Your goal: Word for word, repeat the data; no picture should appear in the result.

Top of Given data

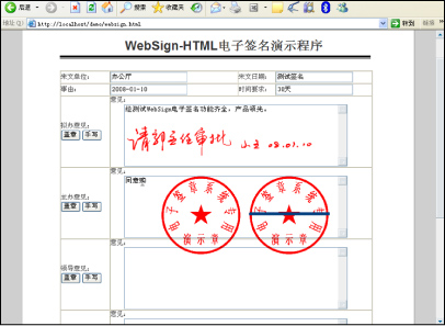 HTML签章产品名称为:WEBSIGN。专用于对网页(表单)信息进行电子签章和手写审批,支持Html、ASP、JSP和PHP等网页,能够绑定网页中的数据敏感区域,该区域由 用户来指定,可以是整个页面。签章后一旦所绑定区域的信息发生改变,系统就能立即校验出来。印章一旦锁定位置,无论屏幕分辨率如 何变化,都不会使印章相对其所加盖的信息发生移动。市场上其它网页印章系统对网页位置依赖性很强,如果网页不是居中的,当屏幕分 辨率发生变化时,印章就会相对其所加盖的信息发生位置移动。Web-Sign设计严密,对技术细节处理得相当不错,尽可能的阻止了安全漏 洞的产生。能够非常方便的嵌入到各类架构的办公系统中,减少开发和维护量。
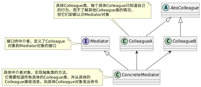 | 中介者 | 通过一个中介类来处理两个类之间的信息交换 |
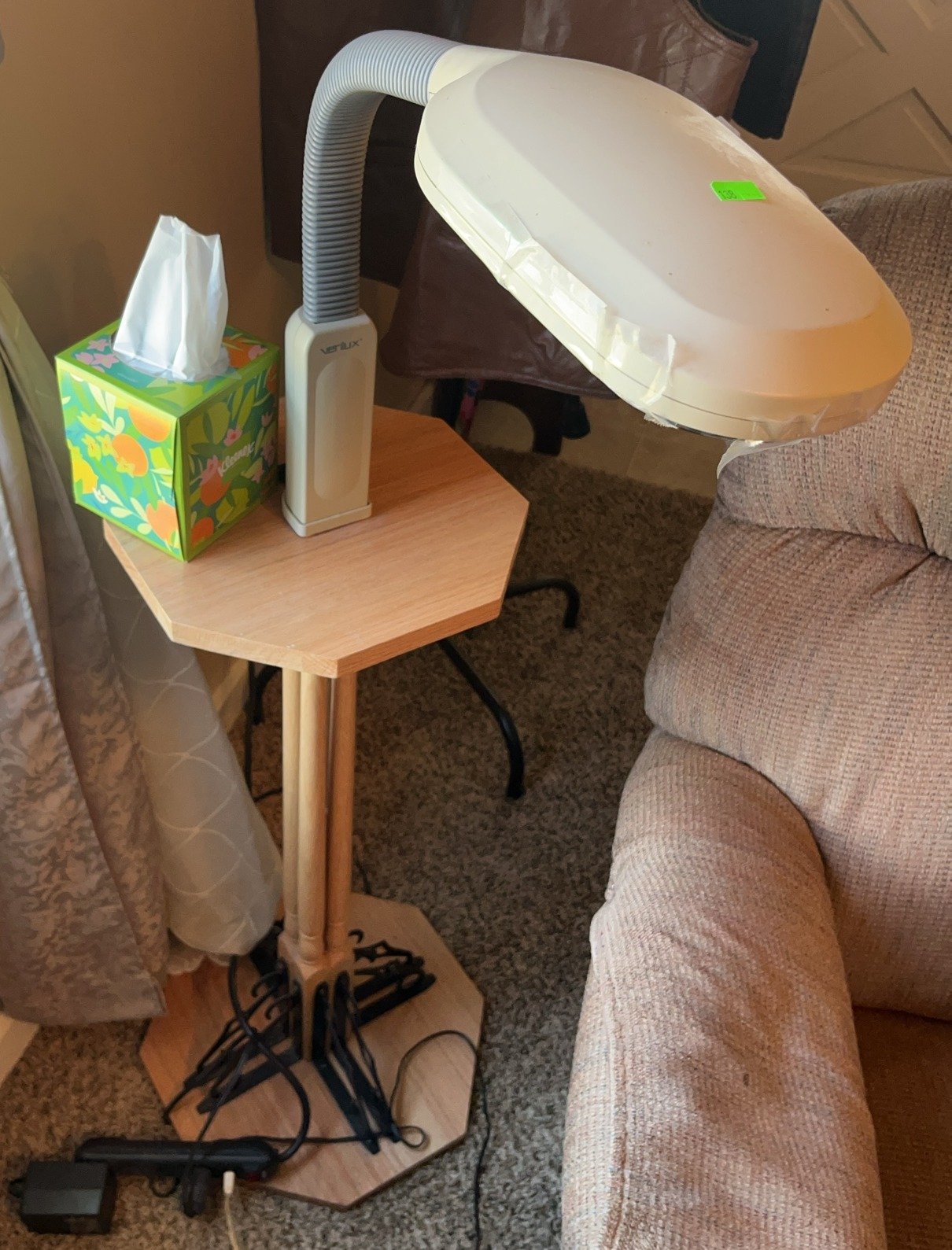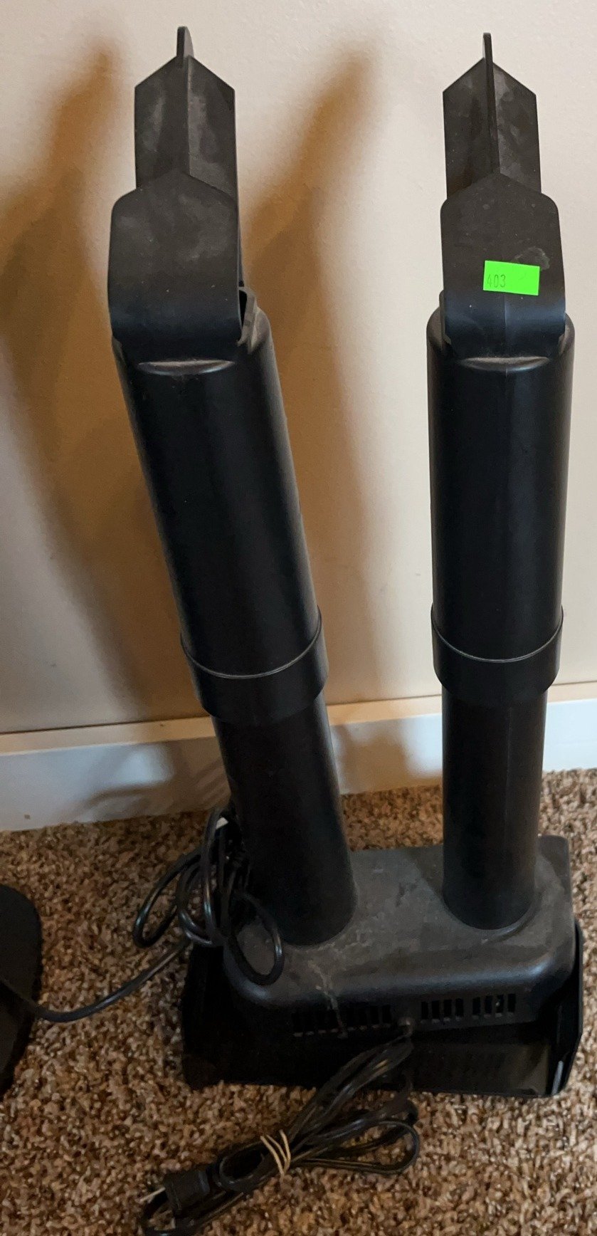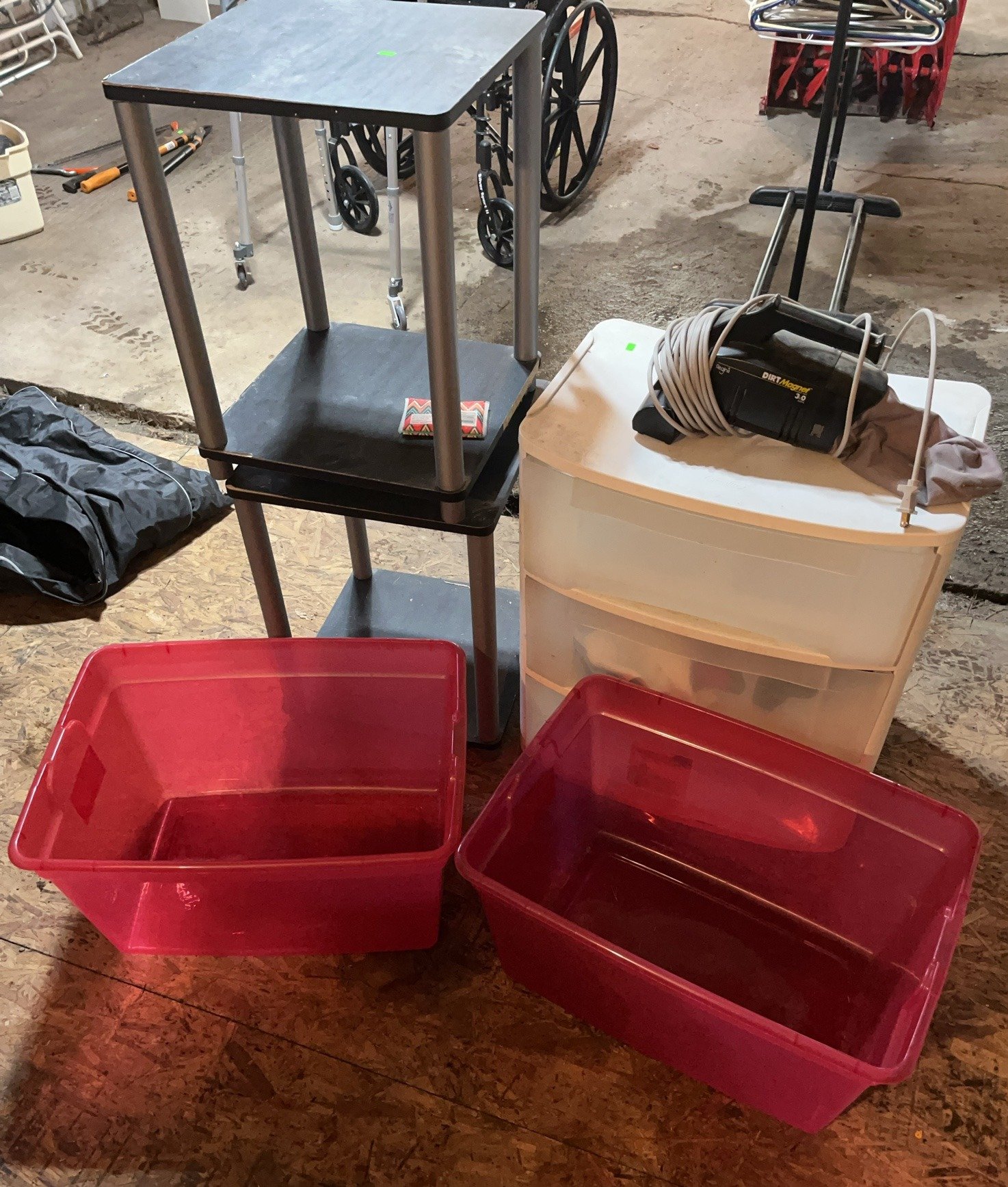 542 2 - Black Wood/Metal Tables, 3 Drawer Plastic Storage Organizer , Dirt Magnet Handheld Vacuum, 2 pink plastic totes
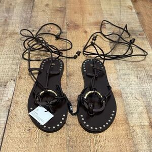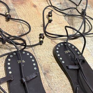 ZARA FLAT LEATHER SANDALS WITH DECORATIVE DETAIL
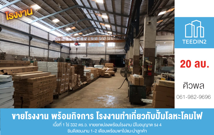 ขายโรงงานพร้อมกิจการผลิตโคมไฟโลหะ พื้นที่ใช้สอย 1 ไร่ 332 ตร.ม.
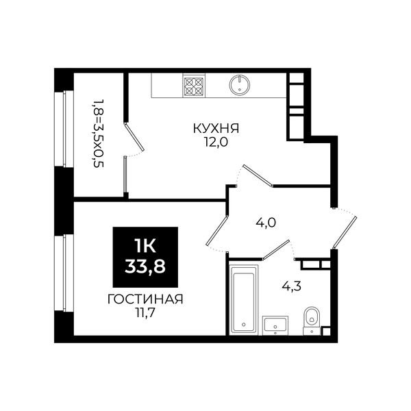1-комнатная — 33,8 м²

Bottom of Given data

Task result:
 HTML签章产品名称为:WEBSIGN。专用于对网页(表单)信息进行电子签章和手写审批,支持Html、ASP、JSP和PHP等网页,能够绑定网页中的数据敏感区域,该区域由 用户来指定,可以是整个页面。签章后一旦所绑定区域的信息发生改变,系统就能立即校验出来。印章一旦锁定位置,无论屏幕分辨率如 何变化,都不会使印章相对其所加盖的信息发生移动。市场上其它网页印章系统对网页位置依赖性很强,如果网页不是居中的,当屏幕分 辨率发生变化时,印章就会相对其所加盖的信息发生位置移动。Web-Sign设计严密,对技术细节处理得相当不错,尽可能的阻止了安全漏 洞的产生。能够非常方便的嵌入到各类架构的办公系统中,减少开发和维护量。
 | 中介者 | 通过一个中介类来处理两个类之间的信息交换 |
 542 2 - Black Wood/Metal Tables, 3 Drawer Plastic Storage Organizer , Dirt Magnet Handheld Vacuum, 2 pink plastic totes
 ZARA FLAT LEATHER SANDALS WITH DECORATIVE DETAIL
 ขายโรงงานพร้อมกิจการผลิตโคมไฟโลหะ พื้นที่ใช้สอย 1 ไร่ 332 ตร.ม.
1-комнатная — 33,8 м²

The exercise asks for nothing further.